In genetics, complementary DNA (cDNA) is DNA synthesized from a mature mRNA template in a reaction catalyzed by the enzyme reverse transcriptase and the enzyme DNA polymerase. cDNA is often used to clone eukaryotic genes in prokaryotes. When scientists want to express a specific protein in a cell that does not normally express that protein (i.e., heterologous expression), they will transfer the cDNA that codes for the protein to the recipient cell. cDNA is also produced by retroviruses (such as HIV-1, HIV-2, Simian Immunodeficiency Virus, etc.) which is integrated into its host to create a provirus.

Gel electrophoresis

Gel electrophoresis is a technique used for the separation of deoxyribonucleic acid (DNA), ribonucleic acid (RNA), or protein molecules using an electric field applied to a gel matrix. DNA Gel electrophoresis is usually performed for analytical purposes, often after amplification of DNA via PCR, but may be used as a preparative technique prior to use of other methods such as mass spectrometry, RFLP, PCR, cloning, DNA sequencing, or Southern blotting for further characterization.

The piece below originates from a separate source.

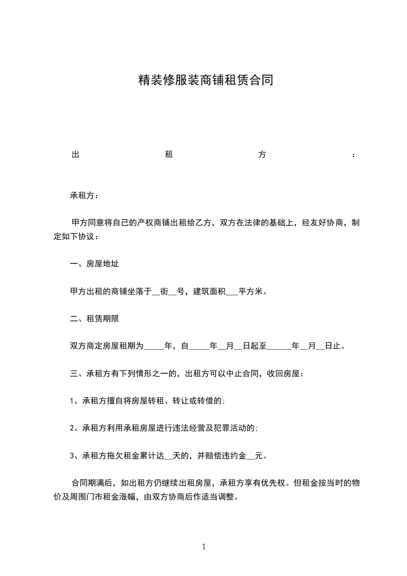 甲方出租的商铺坐落于__街__号,建筑面积___平方米。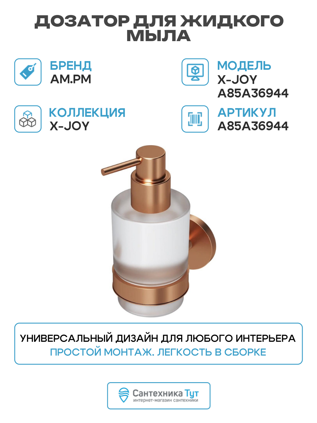 Дозатор для жидкого мыла AM.PM X-Joy A85A36944 Розовое золото, современный стиль: сравнение цен, характеристики, фото, актуальное наличие и цены.

Illumina Methylation Assay

The Illumina Methylation Assay using the Infinium II platform uses "BeadChip" technology to generate a comprehensive genome wide profiling of human DNA methylation. Similar to bisulfite sequencing and pyrosequencing, this method quantifies methylation levels at specific loci within the genome. Although the assay does not encompass the entire human genome, it can measure methylation level at 27,578 CpG dinucloeotides in 14,495 genes.

Allele Specific Oligonucleotide

Allele specific oligonucleotide (ASO) is a technique that allows detection of single base mutations without the need for PCR or gel electrophoresis. Short (20-25 nucleotides in length), labeled probes are exposed to the non-fragmented target DNA. Hybridization occurs with high specificity due to the short length of the probes and even a single base change will hinder hybridization. The target DNA is then washed and the labeled probes that didn't hybridize are removed. The target DNA is then analyzed for the presence of the probe via radioactivity or fluorescence. In this experiment, as in most molecular biology techniques, a control must be used to ensure successful experimentation. The Illumina Methylation Assay is an example of a method that takes advantage of the ASO technique to measure one base pair differences in sequence.